Rather than something like the Lincoln Log children’s toy, the Museum exhibition designers actually milled foam pool noodles into shape utilizing the museum workshop. The log cabin can be totally constructed and shaped by the visitors from the ground up, Thompson says. Using foam keeps the materials light for children, as well as preventing any unfortunate injuries from structural collapse. 

Nearby, another interactive component distills the purest form of building most children start on—the pillow fort. Rather than using actual couch cushions, Ann Macca, museum curator of education, found pieces of durable and easily washable foam from Foamnasium, Thompson explains.

“The concept was that a lot of kids’ first introduction to building a structure is right there with materials in their home,” Lee says.

A tiny home stands in the corner of the gallery, overlooking the pillow fort arena. The home was built to scale by museum staff, Thompson says, complete with a visit from code enforcement to give the final approval. SimBLISScity Homes in Lyons provided consultation on the tiny home, he explains.

The 22-foot-long home includes sleeping quarters, a composting toilet and accurate placement for kitchen appliances. Thompson and the staff started construction on it in 2019, when the exhibition was originally conceived, designing it to come apart in pieces for easy storage. 

More interactive components fill the space, including doll-house sized representations of a log cabin and a more modern-style home to help visitors understand the scale and size in relation to modern furnishings. Inspired by the tale of the three little pigs, Lee explains, a wind tunnel shows visitors how a variety of materials and substrates can stand up (or fall down) under the brunt of heavy gusts. Next to it, a hot box demonstrates the impact of insulation on temperature control. 

Rounding out the exhibition is a set of LEGO-like pieces from Irish company ArtKit, encouraging visitors to build their own complex architectural wonders. The pieces are actually used by some design and architecture firms to build scale models and prototypes, Lee explains.
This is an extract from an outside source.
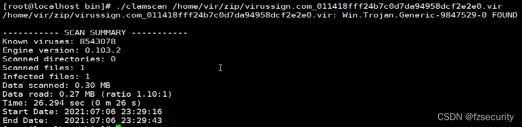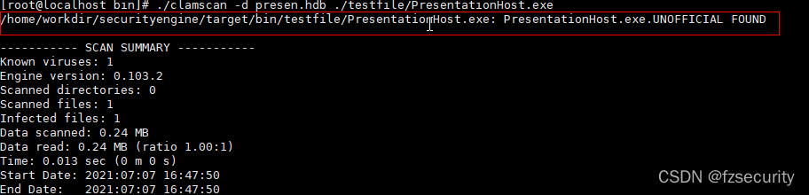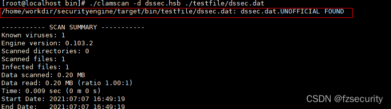 该函数需要注意的一点是,virname在函数中指向了engine结构的表示目标扫描文件名称的内存,不能被直接释放。最后一个参数传入CL_SCAN_STDOPT,默认配置即可。

“It’s been pretty popular. We were concerned that it might be too complex for our visitors, but we’ve found some really great creations,” Thompson adds.
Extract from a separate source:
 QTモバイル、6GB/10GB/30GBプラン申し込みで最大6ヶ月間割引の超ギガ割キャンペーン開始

Longmont Museum Marketing Manager Joan Harrold explains that bringing in high-quality exhibitions, be it homebuilding, the papercraft exhibition that preceded it, or world-famous artists like Degas and Ansel Adams, is a driving force from the curatorial staff like Thompson and Macca.

“To be able to do that in Longmont, so people can bring their kids without having to drive to Denver, it’s really a backyard-access experience,” Harrold says.